Following the September 11, 2001, attacks and the Madrid bombings in March 2004, support for ETA haemorrhaged. The PP government and its PSOE successor pushed through draconian legislation under the auspices of the “war on terror,” which led to the banning of Batasuna—an organisation that had existed legally for 24 years, and had seven deputies in the Basque parliament and hundreds of local councillors.
Opposition to state repression does not mean lending political support to ETA’s separatist programme.
ETA’s ceasefire signalled that its leaders hope that the organisation will be able to secure greater autonomy for the Basque region and its own positions in the state apparatus through a power-sharing arrangement, similar to that reached with Sinn Fein and former members of the Irish Republican Army in Northern Ireland. A section of Batasuna has expressed support for the plan for a “self-governing” Basque region in “free association” with Spain drawn up by Juan José Ibarretxe, the leader of the largest Basque nationalist party, the PNV, which has dominated the regional government for the last 25 years.
The Ibarretxe plan aims to establish a niche for the Basque bourgeoisie within the global marketplace, upholding as it does “the right to private property and a respect for the freedom of enterprise within the framework of the market economy.” The proposals aim not at protecting the rights of Basque working people, but at offering them as a cheap labour force to the European bourgeoisie and the transnational corporations.
Zapatero and the PSOE are seeking to preserve the general interests of the Spanish bourgeoisie. But while they are making what they consider to be unavoidable concessions to regional interests, there are serious limitations on how far they can go in seeking to appease the separatists without antagonising the powerful sections of the national bourgeoisie represented by the PP.
The PP has used the ETA issue to mobilise far-right forces such as the AVT and elements within the military and judiciary in a campaign to destabilise the PSOE government. It accuses Zapatero of coming to power illegitimately, referring to the mass movement that brought down Aznar’s PP government after it attempted to blame ETA for the March 11, 2004, terror bombings in Madrid, even though all evidence pointed to it being the work of Islamic fundamentalists.

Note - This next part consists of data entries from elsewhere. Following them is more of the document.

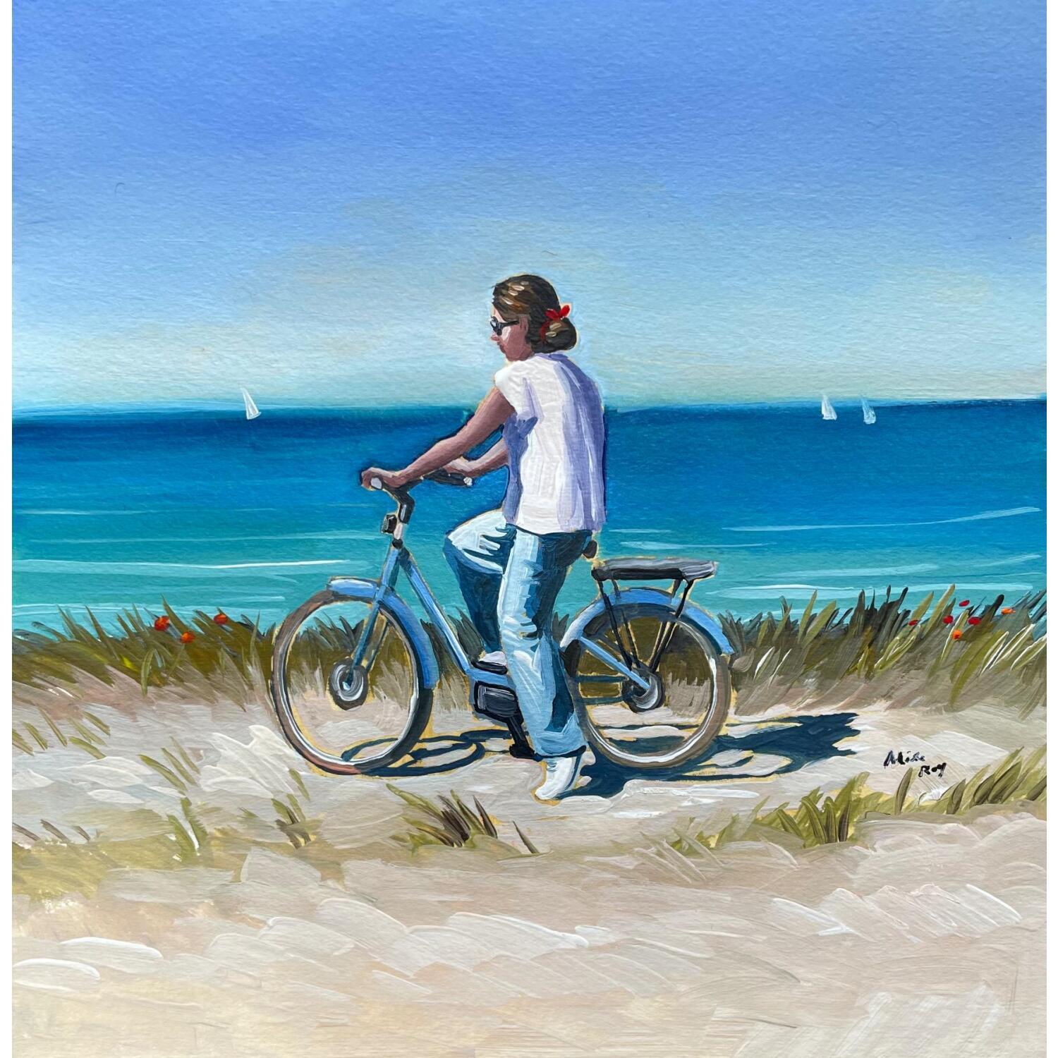 This unique and original contemporary artwork "F3 la fille à vélo 10009-21423-20250628-15" was created by contemporary artist Alice Roy.
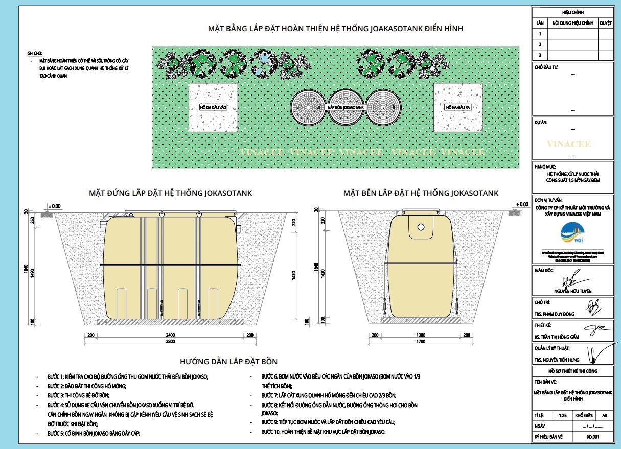 Mặt bằng bố trí hệ thống jokasou tank 2m3/ngđ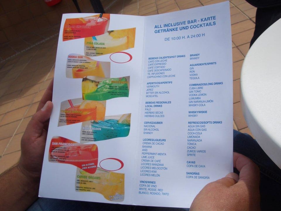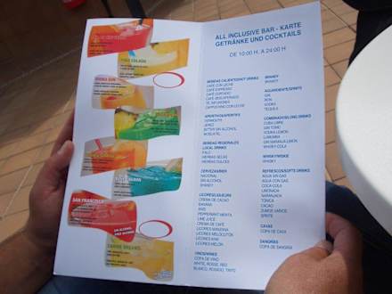Getränkekarte für All inklusiv Gäste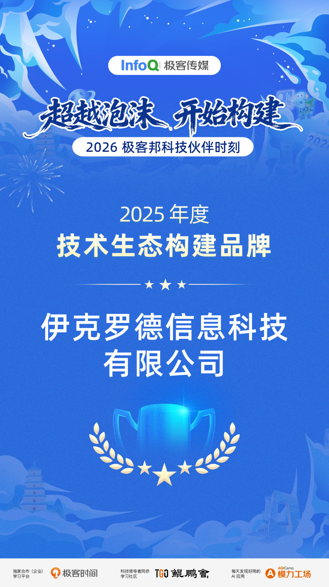 在合作伙伴颁奖环节,伊克罗德信息凭借在技术生态领域的持续投入与卓越贡献,荣获 InfoQ 极客传媒2025年度技术生态构建品牌奖。
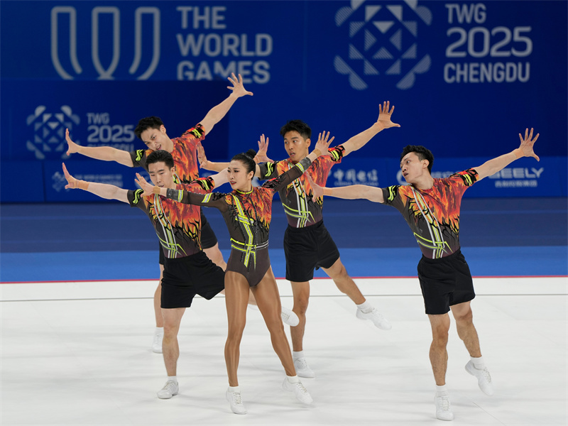 8月15日,中国队在比赛中。当日,在2025年成都世运会健美操五人操决赛中,中国队获得冠军。新华社记者 胥冰洁 摄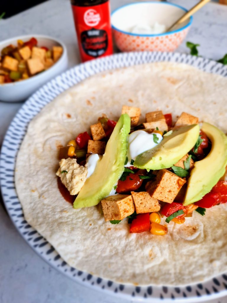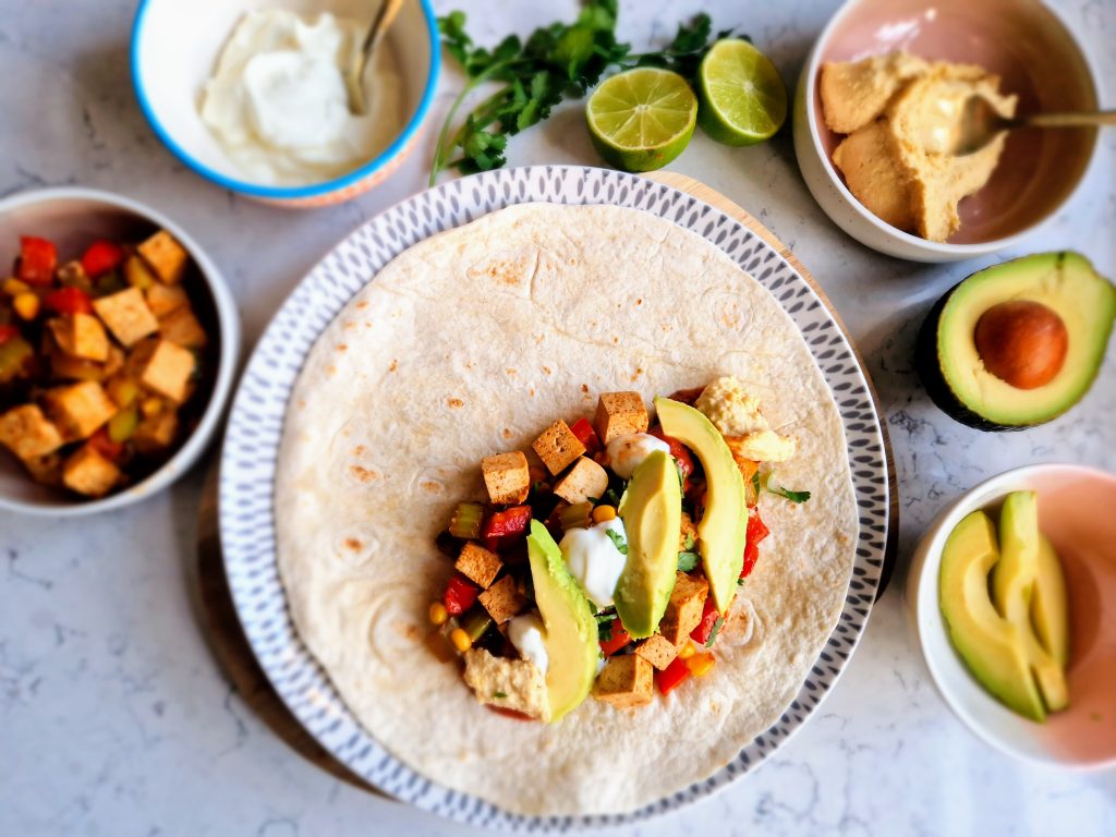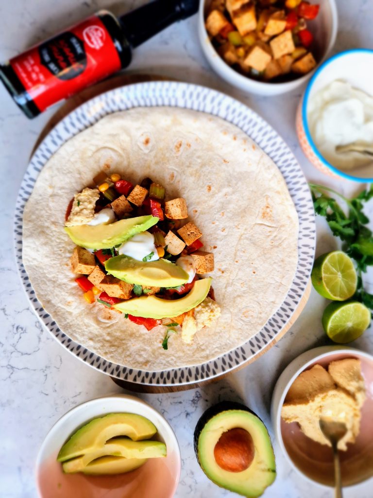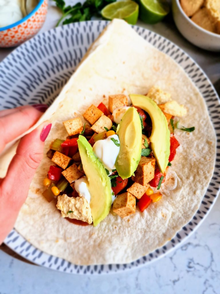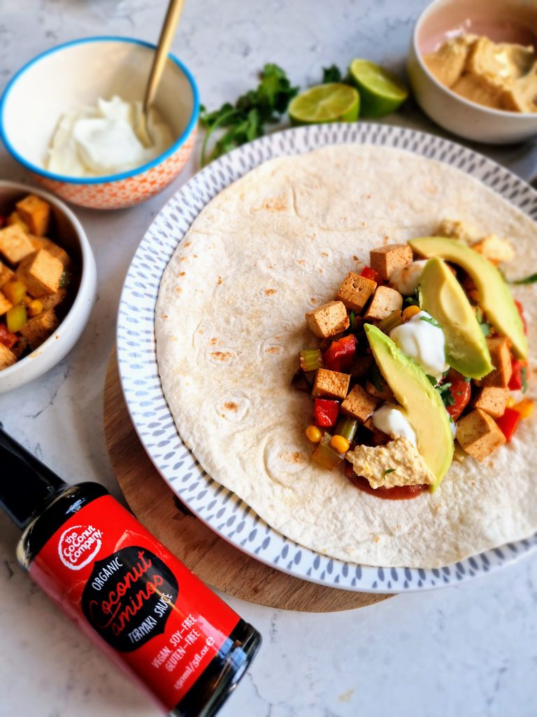 - Warm up the tortilla wraps, then serve out the tofu mixture in the middle of each. Add the extras on top and enjoy!
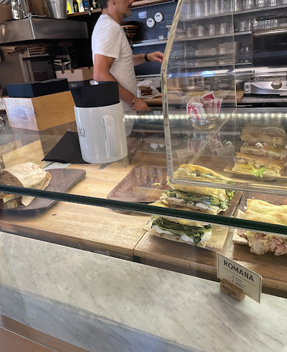 This trendy establishment offers a a variety of expresso drinks, freshly squeezed juices, sandwiches and pastries. I arrived just in time for lunch, the rush hour crowd filed in right after me. That's a great testimony to the quality of the food and drinks. The only objection is to what seemed to be a lack of process and apparent chaos as it was difficult to determine where to order, who to talk to , who was the cashier and who made the food etc..., it drove me impatient but they came through, sat us down and served us a good pizza romano, freshly juiced assortment of fruits. I will probably not go back as there is soo much to discover in Rome but I would encourage you to visit as they push...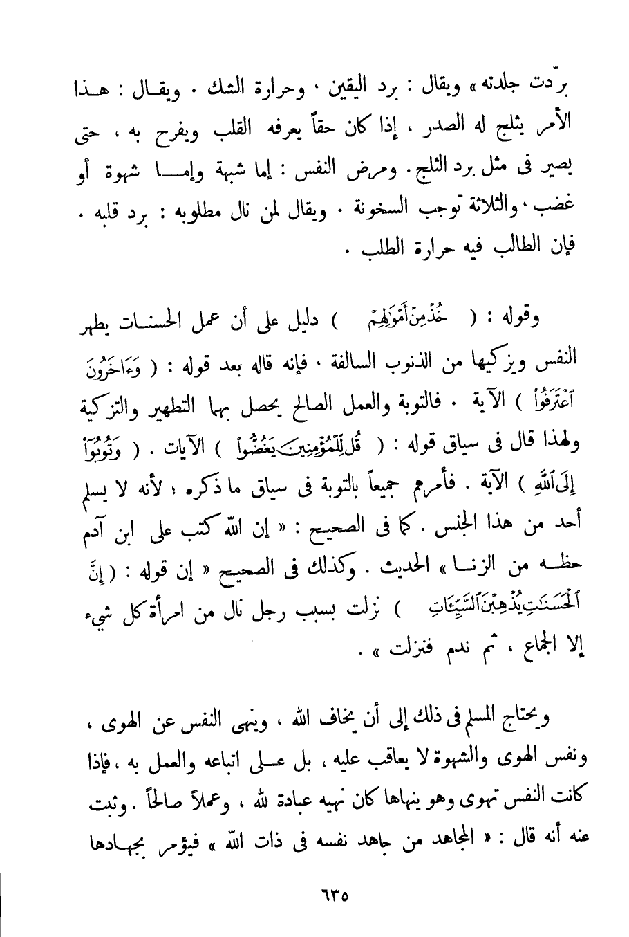 بَرَّدْت جِلْدَتَهُ} وَيُقَالُ: بَرْدُ الْيَقِينِ وَحَرَارَةُ الشَّكِّ. وَيُقَالُ: هَذَا الْأَمْرُ يُثْلَجُ لَهُ الصَّدْرُ إذَا كَانَ حَقًّا يَعْرِفُهُ الْقَلْبُ وَيَفْرَحُ بِهِ حَتَّى يَصِيرَ فِي مِثْلِ بَرْدِ الثَّلْجِ. وَمَرَضُ النَّفْسِ: إمَّا شُبْهَةٌ وَإِمَّا شَهْوَةٌ أَوْ غَضَبٌ وَالثَّلَاثَةُ تُوجِبُ السُّخُونَةَ. وَيُقَالُ لِمَنْ نَالَ مَطْلُوبَهُ: بَرَدَ قَلْبُهُ. فَإِنَّ الطَّالِبَ فِيهِ حَرَارَةُ الطَّلَبِ. وَقَوْلُهُ: {خُذْ مِنْ أَمْوَالِهِمْ} دَلِيلٌ عَلَى أَنَّ عَمَلَ الْحَسَنَاتِ يُطَهِّرُ النَّفْسَ وَيُزَكِّيهَا مِنْ الذُّنُوبِ السَّالِفَةِ فَإِنَّهُ قَالَهُ بَعْدَ قَوْلِهِ: {وَآخَرُونَ اعْتَرَفُوا} الْآيَةَ. فَالتَّوْبَةُ وَالْعَمَلُ الصَّالِحُ يَحْصُلُ بِهِمَا التَّطْهِيرُ وَالتَّزْكِيَةُ وَلِهَذَا قَالَ فِي سِيَاقِ قَوْلِهِ. {قُلْ لِلْمُؤْمِنِينَ يَغُضُّوا} الْآيَاتِ. {وَتُوبُوا إلَى اللَّهِ} الْآيَةَ. فَأَمَرَهُمْ جَمِيعًا بِالتَّوْبَةِ فِي سِيَاقِ مَا ذَكَرَهُ؛ لِأَنَّهُ لَا يَسْلَمُ أَحَدٌ مِنْ هَذَا الْجِنْسِ. كَمَا فِي الصَّحِيحِ: {إنَّ اللَّهَ كَتَبَ عَلَى ابْنِ آدَمَ حَظَّهُ مِنْ الزِّنَا} الْحَدِيثَ. وَكَذَلِكَ فِي الصَّحِيحِ إنَّ قَوْلَهُ: {إنَّ الْحَسَنَاتِ يُذْهِبْنَ السَّيِّئَاتِ} نَزَلَتْ بِسَبَبِ رَجُلٍ نَالَ مِنْ امْرَأَةٍ كُلَّ شَيْءٍ إلَّا الْجِمَاعَ ثُمَّ نَدِمَ فَنَزَلَتْ} وَيَحْتَاجُ الْمُسْلِمُ فِي ذَلِكَ إلَى أَنْ يَخَافَ اللَّهَ وَيَنْهَى النَّفْسَ عَنْ الْهَوَى وَنَفْسُ الْهَوَى وَالشَّهْوَةِ لَا يُعَاقَبُ عَلَيْهِ بَلْ عَلَى اتِّبَاعِهِ وَالْعَمَلِ بِهِ فَإِذَا كَانَتْ النَّفْسُ تَهْوَى وَهُوَ يَنْهَاهَا كَانَ نَهْيُهُ عِبَادَةً لِلَّهِ وَعَمَلًا صَالِحًا. وَثَبَتَ عَنْهُ أَنَّهُ قَالَ: {الْمُجَاهِدُ مَنْ جَاهَدَ نَفْسَهُ فِي ذَاتِ اللَّهِ} فَيُؤْمَرُ بِجِهَادِهَا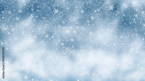 © video, Fototapeta premium Softly falling snowflakes creating a serene winter scene with a blurred snowy background and a calming blue sky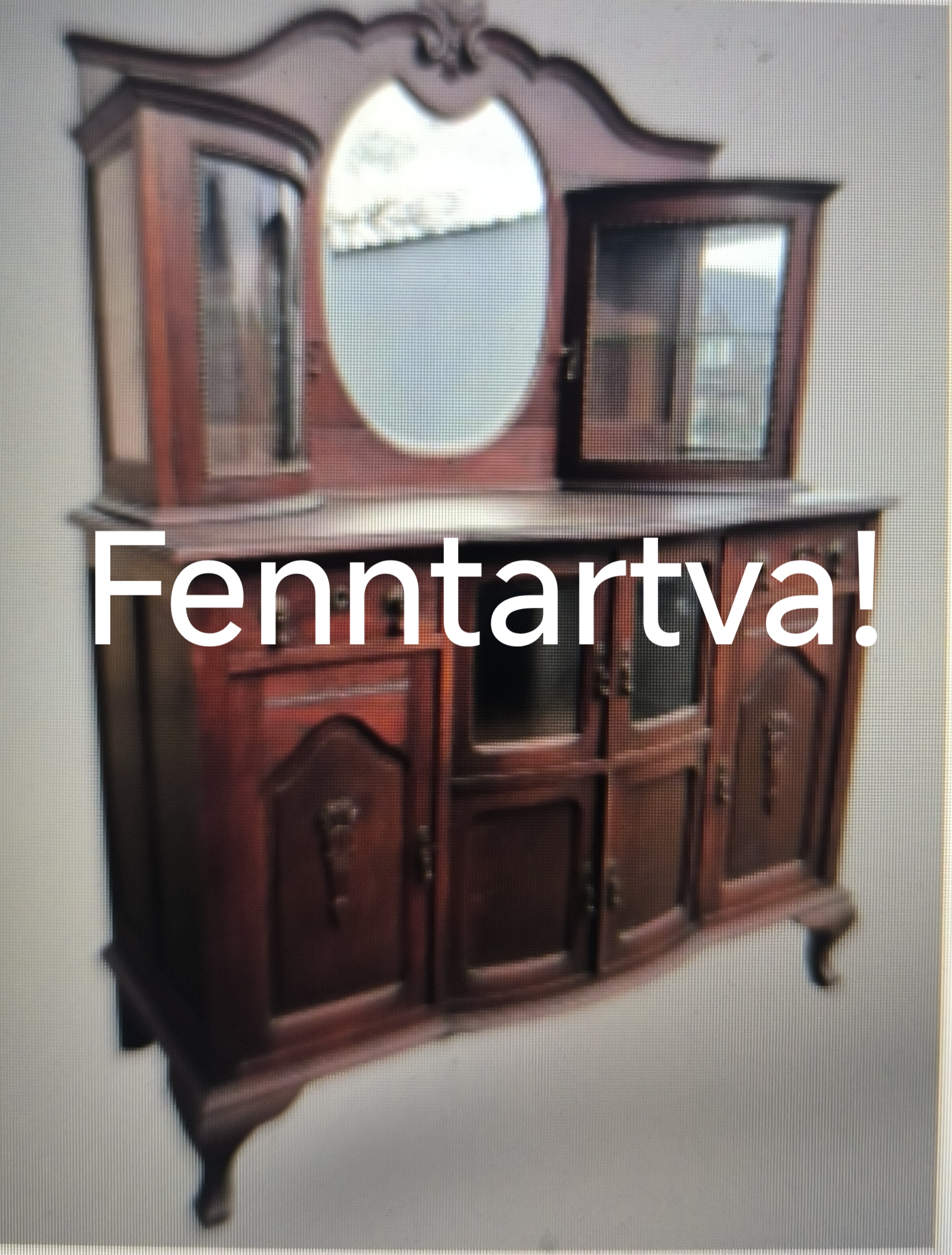 Eladó neobarokk tálaló-komód szép állapotban. Kecses, ívelt lábakon áll. Alul ajtós és fiókos részekkel, felül díszes hátfallal amiben egy tükör is található, valamint íves eléjű üveg vitrinnel két oldalt. Teljes egészében fából készült, minden üveg éle csiszolt. Szállításhoz a felső elem levehető.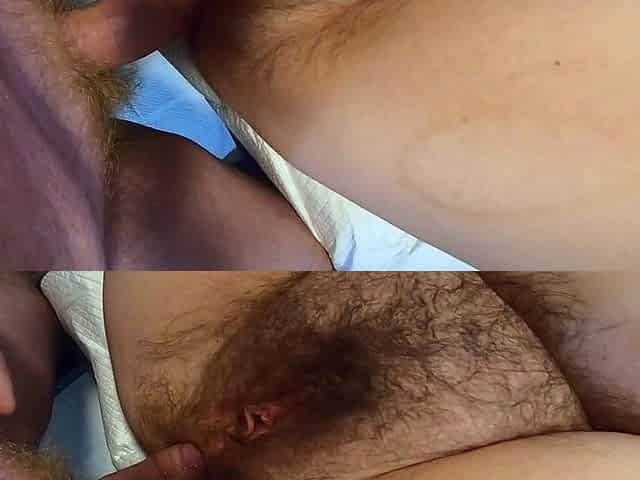 big beautiful woman playing with her hirsute twat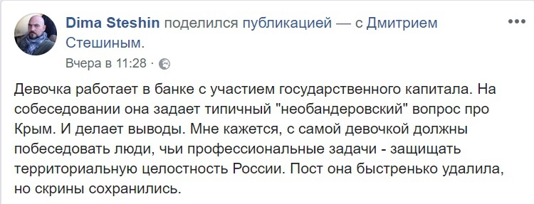 Глава банка «Точка» заступился за подчиненную, мучившую соискателей Крымом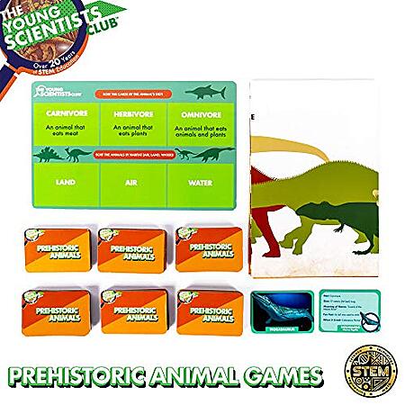 PUT YOUR KNOWLEDGE OF PREHISTORIC ANIMALS TO THE TEST: The Young Scientists Club Prehistoric Animals Card Game is a great way to make learning a fun, interactive experience for dino lovers!

The solution to the Basque conflict and all national divisions is the struggle for the unity of the Spanish, European and international working class. The crisis of the nation state must find a progressive solution not in the break-up into smaller and less viable entities based on the reactionary concept of ethnicity, but in its replacement by a more rational and universal form of economic and social organisation that corresponds more directly with the economic realities of globalised production—the United Socialist States of Europe.